WHAT TO PRODUCE: Write the records out exactly as shown. No pictures.

*** Opening of DATASET RECORDS ***

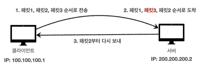 - 패킷이 순서대로 안 올 수 있다.
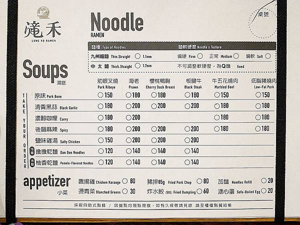 滝禾製麵所的餐點相當客製化,湯頭、主食、麵條全都可以自行挑選
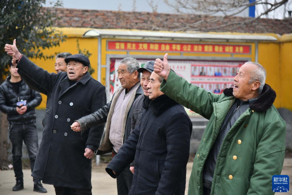1月12日,在山东省莘县张寨镇郝庄村,“大爷帮”的老人们为拍摄短视频进行排练。
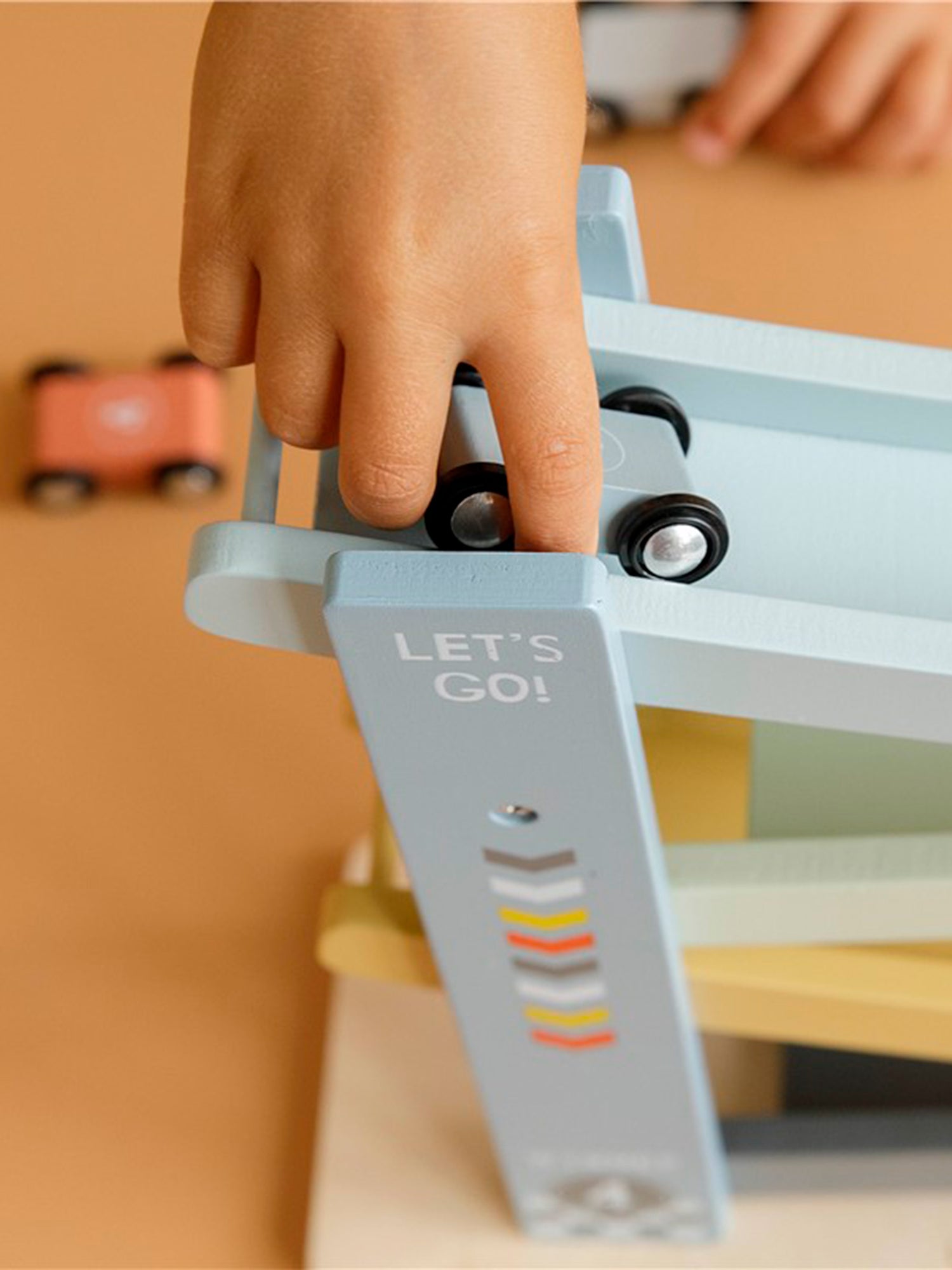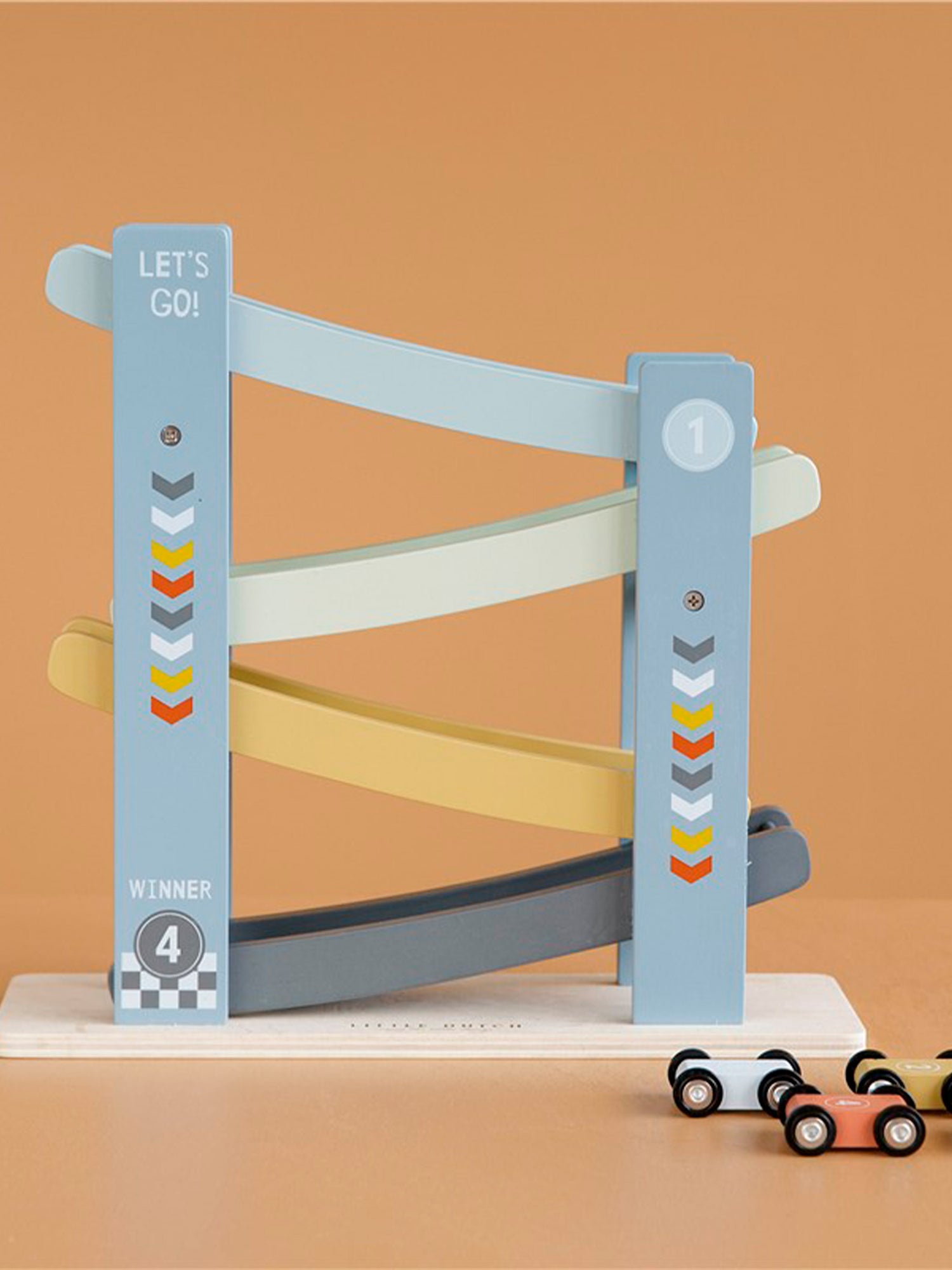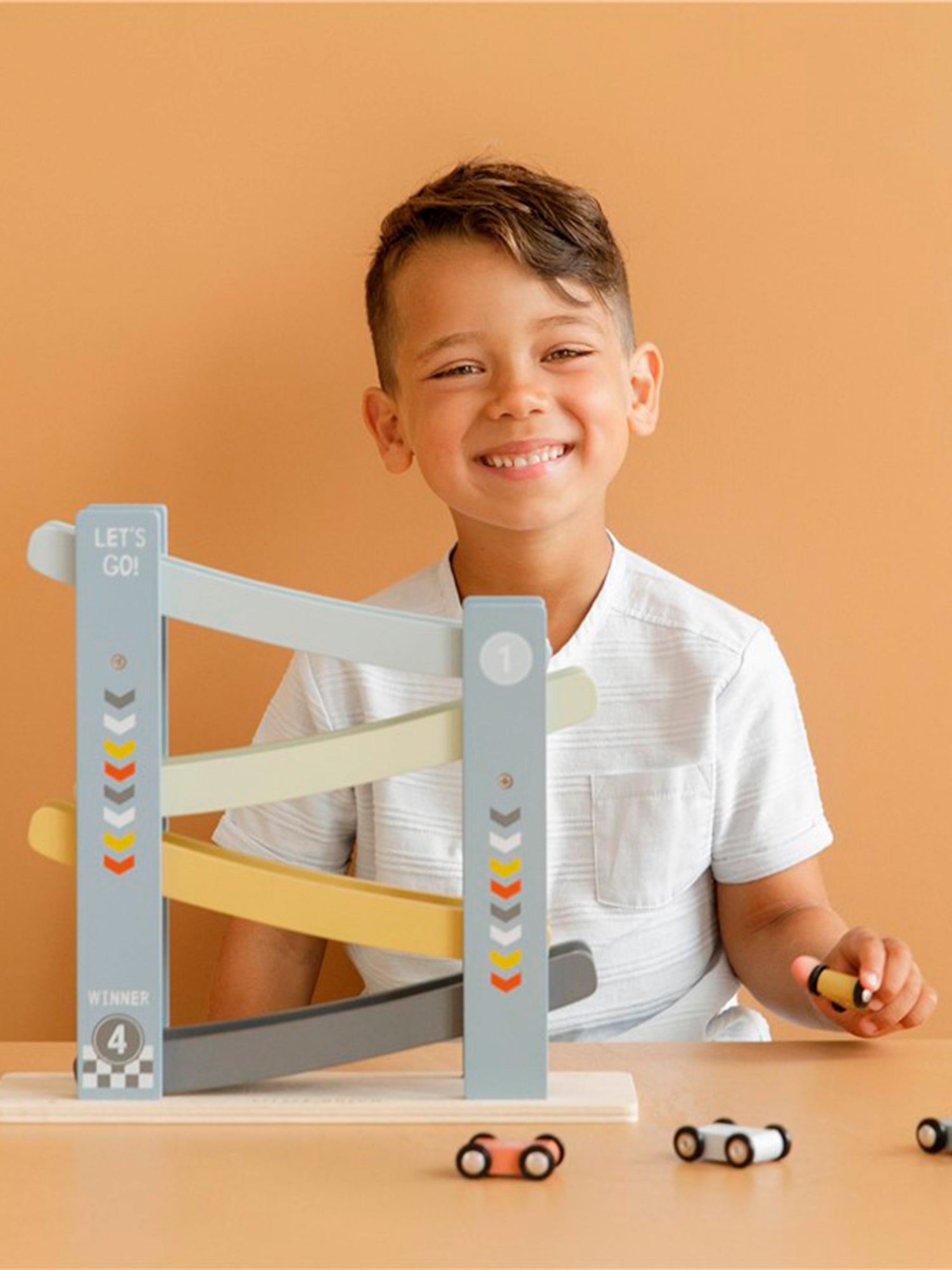 1,2,3 feito! Seu pequeno vai se divertir muito com esta alegre pista de corrida de madeira, que inclui 4 carros. Coloque os carros no topo da pista de corrida um por um, solte-os e eles descerão.
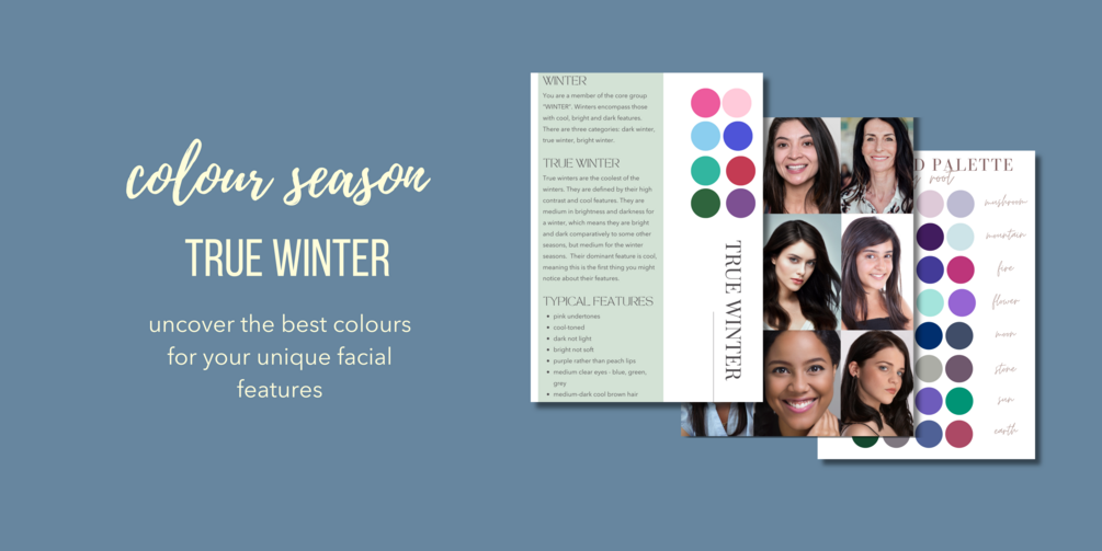 The guide includes a detailed breakdown of your colour season, including palettes with example colours, moodboards and palette inspiration.
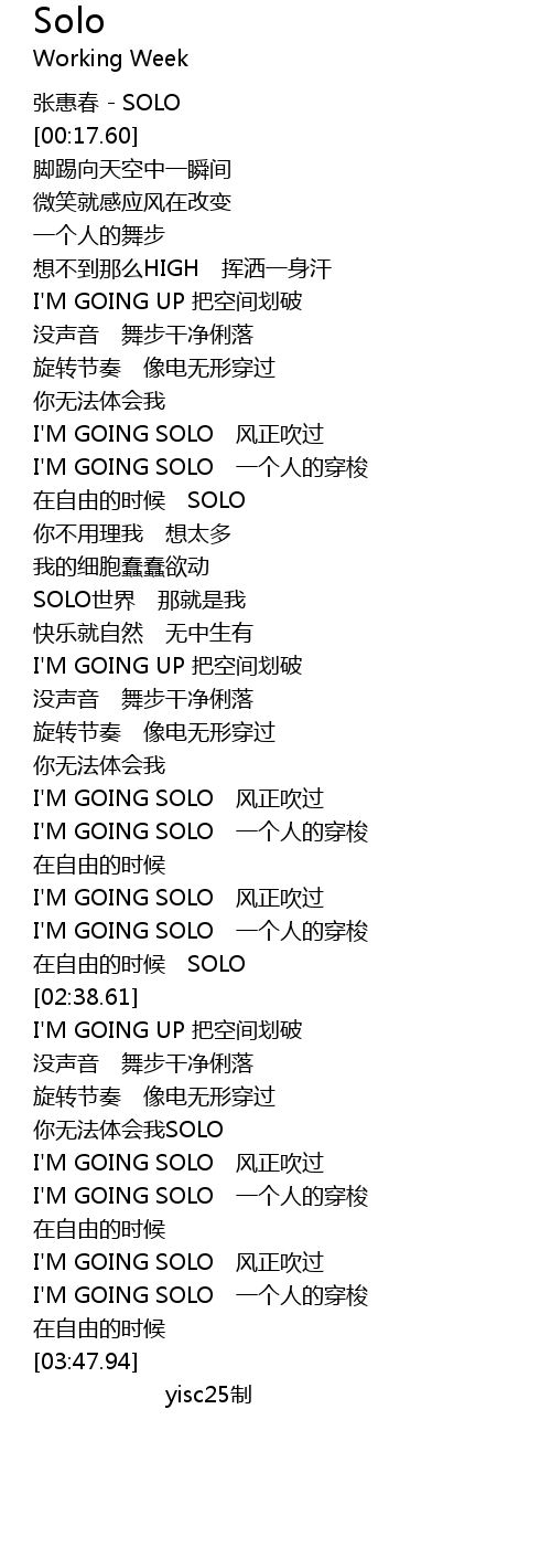 | [03:03.43] | 你无法体会我SOLO |
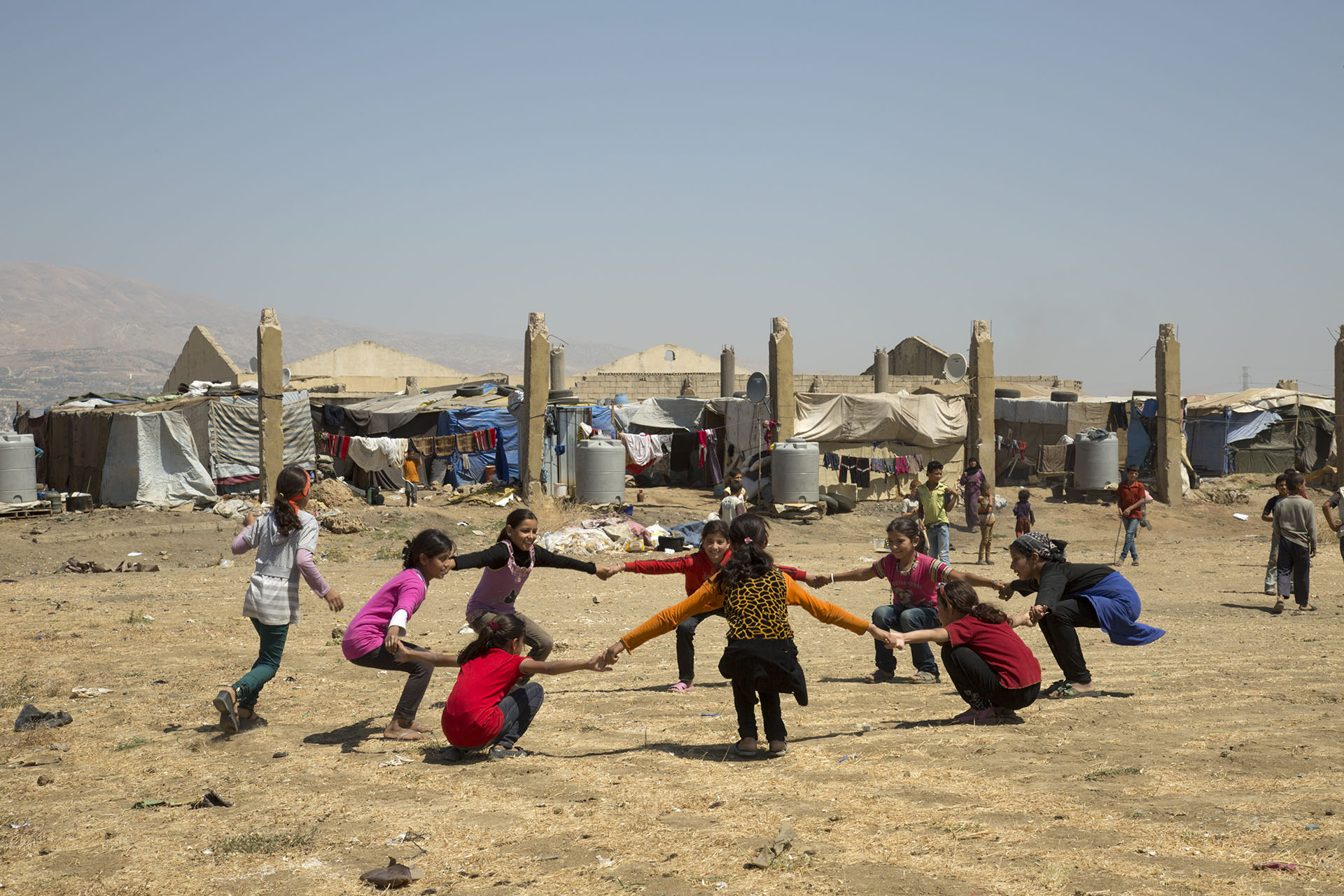 Syrian girls play near an abandoned factory in Lebanon's Bekaa Valley. Access to education is limited, so many refugee children here work, peeling garlic, to help support their families.

*** Close of DATASET RECORDS ***

ANSWER SECTION:
 - 패킷이 순서대로 안 올 수 있다.
 滝禾製麵所的餐點相當客製化,湯頭、主食、麵條全都可以自行挑選
1月12日,在山东省莘县张寨镇郝庄村,“大爷帮”的老人们为拍摄短视频进行排练。
 1,2,3 feito! Seu pequeno vai se divertir muito com esta alegre pista de corrida de madeira, que inclui 4 carros. Coloque os carros no topo da pista de corrida um por um, solte-os e eles descerão.
 The guide includes a detailed breakdown of your colour season, including palettes with example colours, moodboards and palette inspiration.
 | [03:03.43] | 你无法体会我SOLO |
 Syrian girls play near an abandoned factory in Lebanon's Bekaa Valley. Access to education is limited, so many refugee children here work, peeling garlic, to help support their families.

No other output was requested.